**Supplied records**
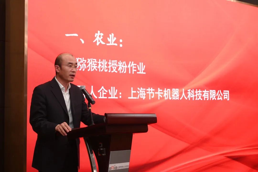 市经信委智能制造推进处处长韩大东宣读上海市入选工业和信息化部办公厅、农业农村部办公厅、国家卫生健康委员会办公厅、国家矿山安全监察局综合司《关于公布农业、建筑、医疗、矿山领域机器人典型应用场景名单的通知》的企业及场景。
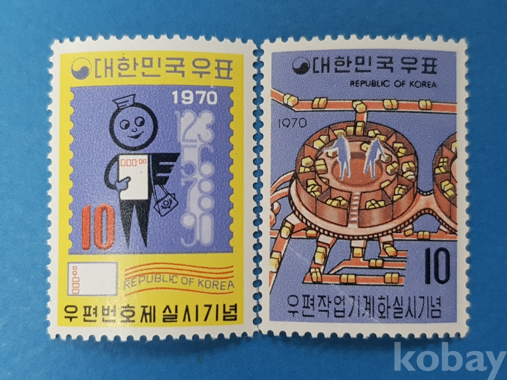 **** 우편작업기계화실시기념, 우편번호제실시기념/1970/대한민국 우표/1장 후면 연필글씨있음
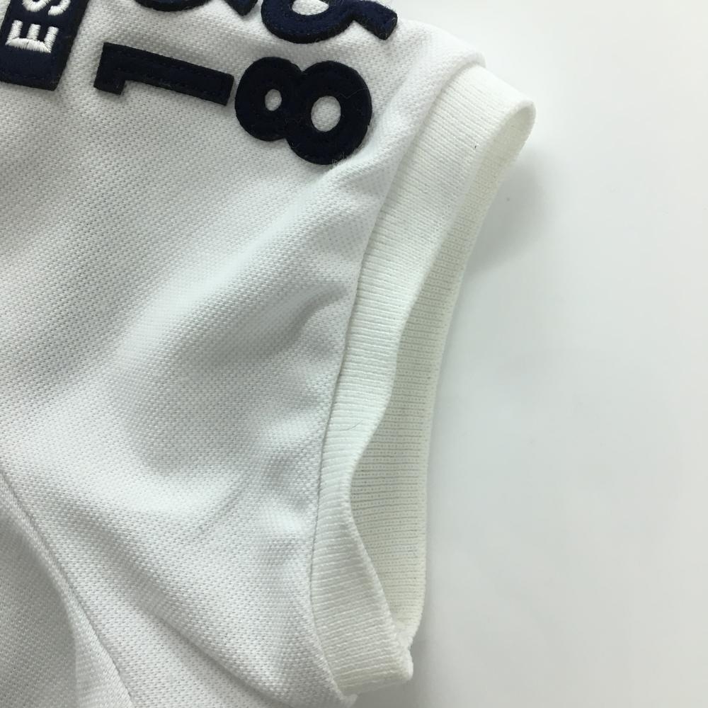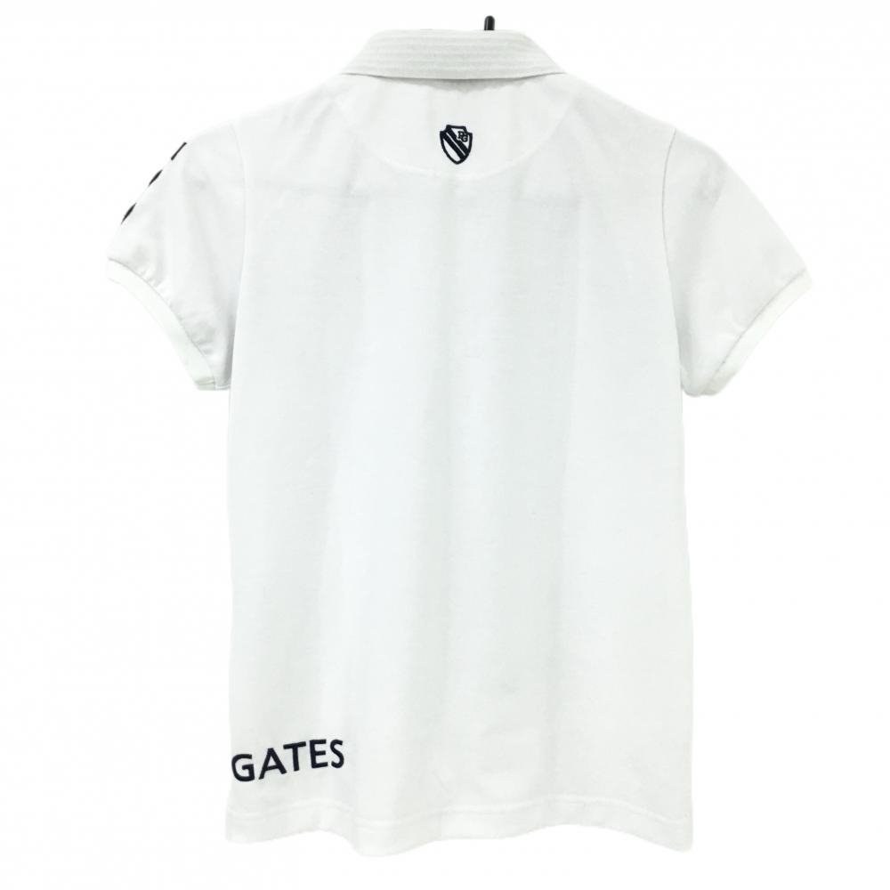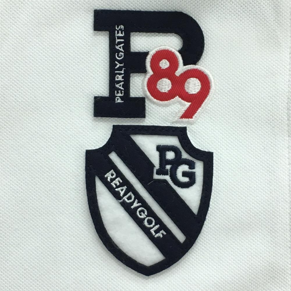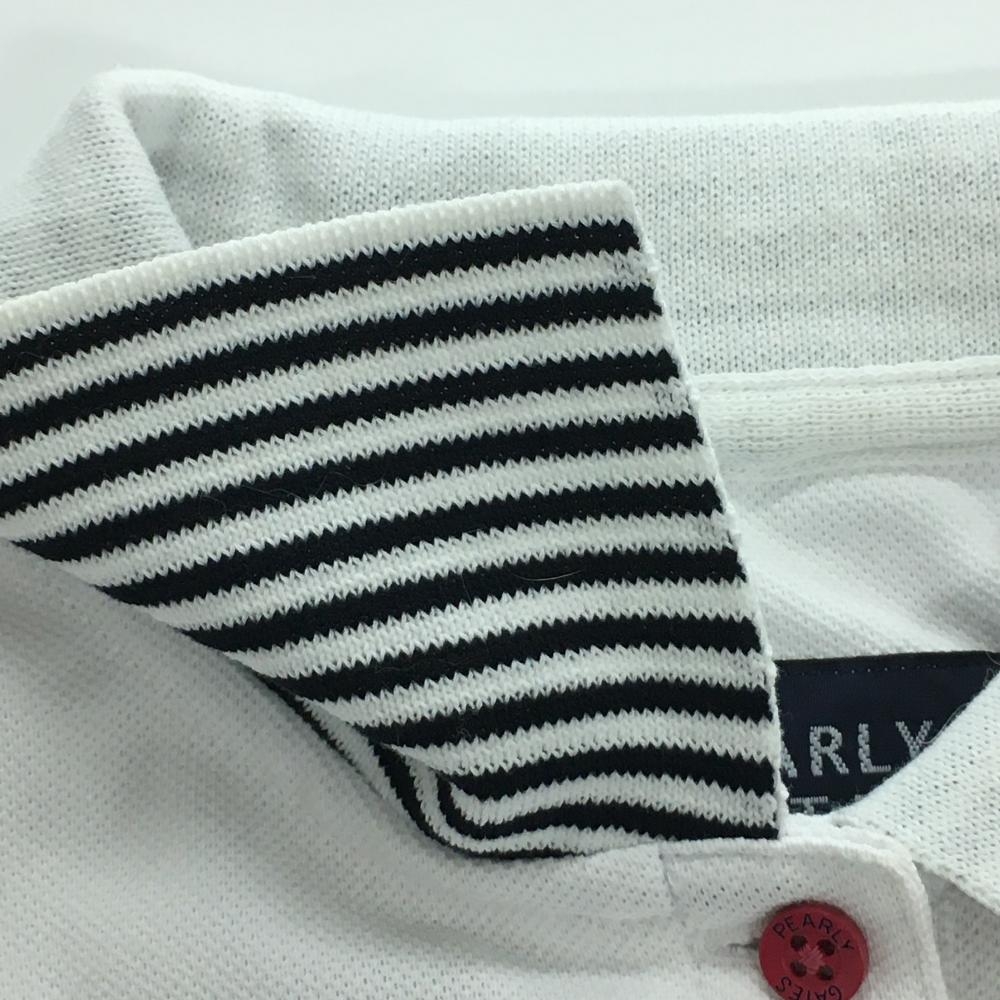 パーリーゲイツ 半袖ポロシャツ 白×ネイビー フェルトワッペン 襟裏ボーダー レディース 0(S) ゴルフウェア PEARLY GATES
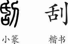 “刮”是形声字。小篆从刀,声。隶变后楷书写作“刮”。
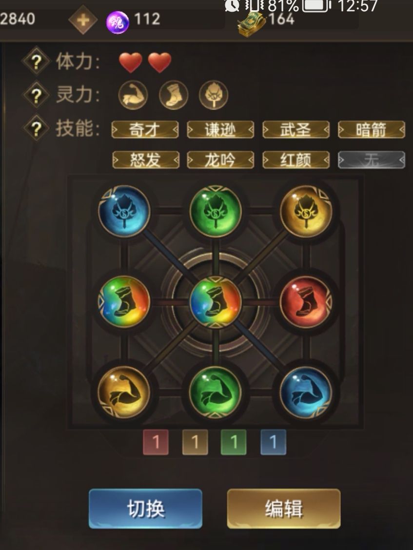 现版本部将系统已开放。 大家都知道激活左幽技能的两个条件 1.一条直线上的相同技能点数之和达到10或以上; 2.满足色链要求(每个技能下面就会有一个或者多个带颜色的数字)。 正常情况白珠(红黄蓝绿)的点数为+1~+4紫珠点数为+3~+9下文用白珠属性用自(XX)”代替、紫珠用“紫(AXBX) 代替。 首先我们要知道的是技能珠分为三个档次(这个游戏中是没有介绍的) 1白(1~2)/紫(3~A5
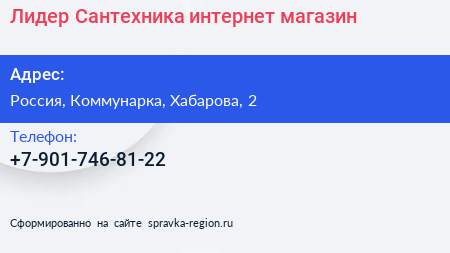 Лидер Сантехника, интернет-магазин по адресу Торгово-развлекательный комплекс "Новомосковский", 2, улица Хабарова, Филимонковский район, Московский, Москва, Центральный федеральный округ, 142784, Россия в дальнейшем Организация, размещена в следующих категориях:
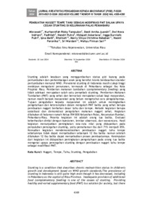 Stunting adalah keadaan yang menggambarkan status gizi kurang pada pertumbuhan dan perkembangan anak yang bersifat kronis berdasarkan standar pertumbuhan menurut WHO. Prevalensi stunting di Indonesia masih cukup tinggi meskipun mengalami penurunan, termasuk di Pekanbaru sebagai Ibu Kota Propinsi Riau. Pemberian makanan tambahan (complementary feeding) yang tidak adekuat merupakan salah satu penyebab stunting. Pemberian Makanan Tambahan (PMT) yang sehat dan bervariasi merupakan solusi bagi masyarakat, namun masih banyak masyarakat yang belum mengetahui cara pengolahannya. Tujuan pengabdian kepada masyarakat ini adalah untuk meningkatkan pengetahuan dan keterampilan dalam mengolah PMT balita yang sehat berupa pembuatan nugget berbahan dasar tahu dan tempe. Metode kegiatan berupa sosialisasi dan demonstrasi pengolahan makanan nugget sehat. Kegiatan dilakukan di halaman rumah Ketua RW 008 Kelurahan Palas, Kecamatan Rumbai, Pekanbaru-Riau. Peserta kegiatan ini adalah orang tua balita. Evaluasi keberhasilan dinilai dengan kuesioner, lembar observasi, dan wawancara. Hasil kegiatan menunjukkan peningkatan rata-rata nilai yang didapatkan pada penyuluhan pencegahan stunting, yaitu pemahaman ibu dari 71% menjadi 85%. Kemudian kegiatan mendemonstrasikan pembuatan nugget tahu tempe sebelumnya tidak dapat menyebutkan sebanyak 12 ibu balita namun setelah dilakukan 12 ibu balita dapat menyebutkan proses pembuatannya. Kesimpulan dari kegiatan ini didapatkan peningkatan pengetahuan pada orang tua balita mengenai upaya pencegahan stunting dengan pembuatan nugget tahu tempe sebagai modifikasi PMT.
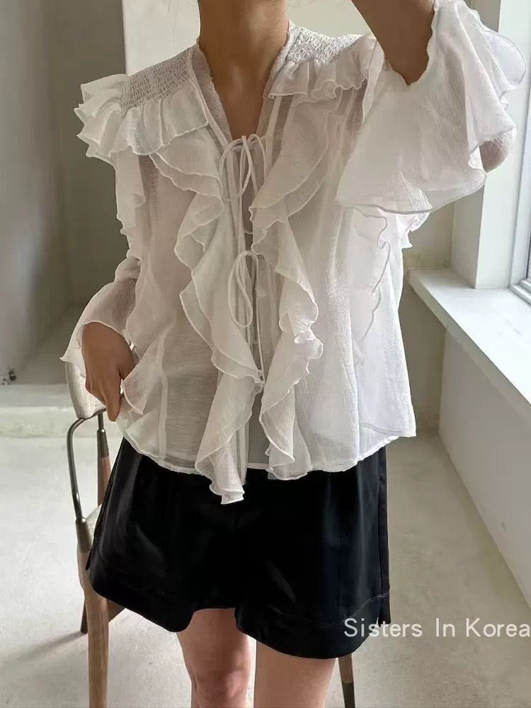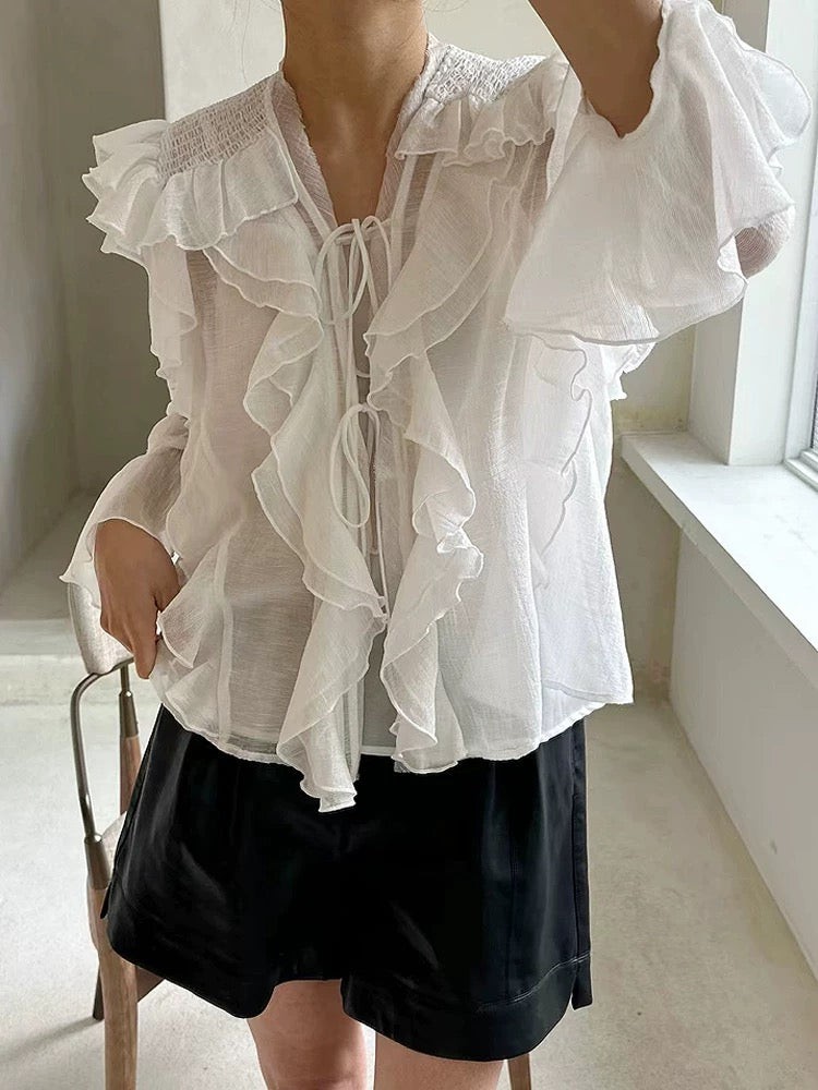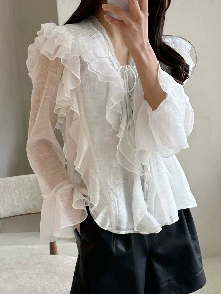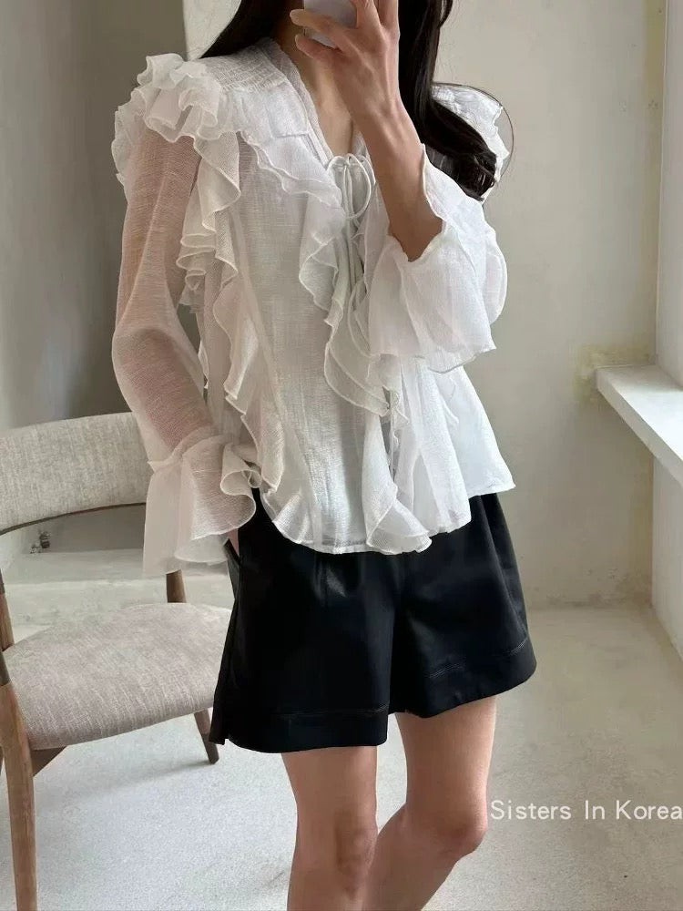 韩国女装 新款木耳边喇叭袖两件式衬衫 (限时7折 加入购物车自动减价)
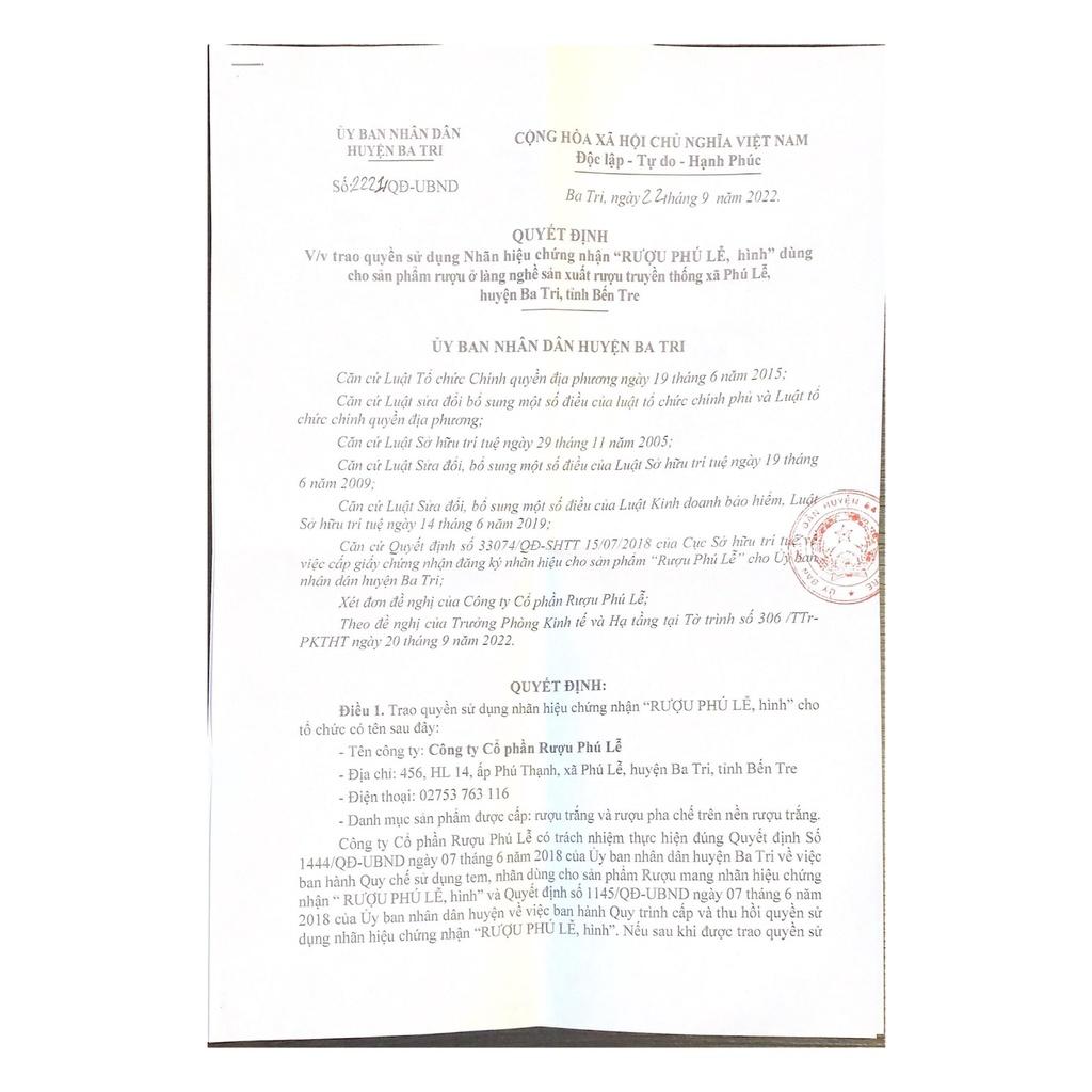RƯỢU PHÚ LỄ - KHƠI BẢN SẮC, TOẢ TINH HOA RƯỢU VIỆT Công ty Cổ phần Rượu Phú Lễ là công ty sản xuất rượu Việt Nam có trụ sở chính tại số 456 HL

**Work task**
What the answer needs is every record above, exactly as written, and no pictures.

**Answer to this task**
 市经信委智能制造推进处处长韩大东宣读上海市入选工业和信息化部办公厅、农业农村部办公厅、国家卫生健康委员会办公厅、国家矿山安全监察局综合司《关于公布农业、建筑、医疗、矿山领域机器人典型应用场景名单的通知》的企业及场景。
 **** 우편작업기계화실시기념, 우편번호제실시기념/1970/대한민국 우표/1장 후면 연필글씨있음
 パーリーゲイツ 半袖ポロシャツ 白×ネイビー フェルトワッペン 襟裏ボーダー レディース 0(S) ゴルフウェア PEARLY GATES
 “刮”是形声字。小篆从刀,声。隶变后楷书写作“刮”。
 现版本部将系统已开放。 大家都知道激活左幽技能的两个条件 1.一条直线上的相同技能点数之和达到10或以上; 2.满足色链要求(每个技能下面就会有一个或者多个带颜色的数字)。 正常情况白珠(红黄蓝绿)的点数为+1~+4紫珠点数为+3~+9下文用白珠属性用自(XX)”代替、紫珠用“紫(AXBX) 代替。 首先我们要知道的是技能珠分为三个档次(这个游戏中是没有介绍的) 1白(1~2)/紫(3~A5
 Лидер Сантехника, интернет-магазин по адресу Торгово-развлекательный комплекс "Новомосковский", 2, улица Хабарова, Филимонковский район, Московский, Москва, Центральный федеральный округ, 142784, Россия в дальнейшем Организация, размещена в следующих категориях:
 Stunting adalah keadaan yang menggambarkan status gizi kurang pada pertumbuhan dan perkembangan anak yang bersifat kronis berdasarkan standar pertumbuhan menurut WHO. Prevalensi stunting di Indonesia masih cukup tinggi meskipun mengalami penurunan, termasuk di Pekanbaru sebagai Ibu Kota Propinsi Riau. Pemberian makanan tambahan (complementary feeding) yang tidak adekuat merupakan salah satu penyebab stunting. Pemberian Makanan Tambahan (PMT) yang sehat dan bervariasi merupakan solusi bagi masyarakat, namun masih banyak masyarakat yang belum mengetahui cara pengolahannya. Tujuan pengabdian kepada masyarakat ini adalah untuk meningkatkan pengetahuan dan keterampilan dalam mengolah PMT balita yang sehat berupa pembuatan nugget berbahan dasar tahu dan tempe. Metode kegiatan berupa sosialisasi dan demonstrasi pengolahan makanan nugget sehat. Kegiatan dilakukan di halaman rumah Ketua RW 008 Kelurahan Palas, Kecamatan Rumbai, Pekanbaru-Riau. Peserta kegiatan ini adalah orang tua balita. Evaluasi keberhasilan dinilai dengan kuesioner, lembar observasi, dan wawancara. Hasil kegiatan menunjukkan peningkatan rata-rata nilai yang didapatkan pada penyuluhan pencegahan stunting, yaitu pemahaman ibu dari 71% menjadi 85%. Kemudian kegiatan mendemonstrasikan pembuatan nugget tahu tempe sebelumnya tidak dapat menyebutkan sebanyak 12 ibu balita namun setelah dilakukan 12 ibu balita dapat menyebutkan proses pembuatannya. Kesimpulan dari kegiatan ini didapatkan peningkatan pengetahuan pada orang tua balita mengenai upaya pencegahan stunting dengan pembuatan nugget tahu tempe sebagai modifikasi PMT.
 韩国女装 新款木耳边喇叭袖两件式衬衫 (限时7折 加入购物车自动减价)
RƯỢU PHÚ LỄ - KHƠI BẢN SẮC, TOẢ TINH HOA RƯỢU VIỆT Công ty Cổ phần Rượu Phú Lễ là công ty sản xuất rượu Việt Nam có trụ sở chính tại số 456 HL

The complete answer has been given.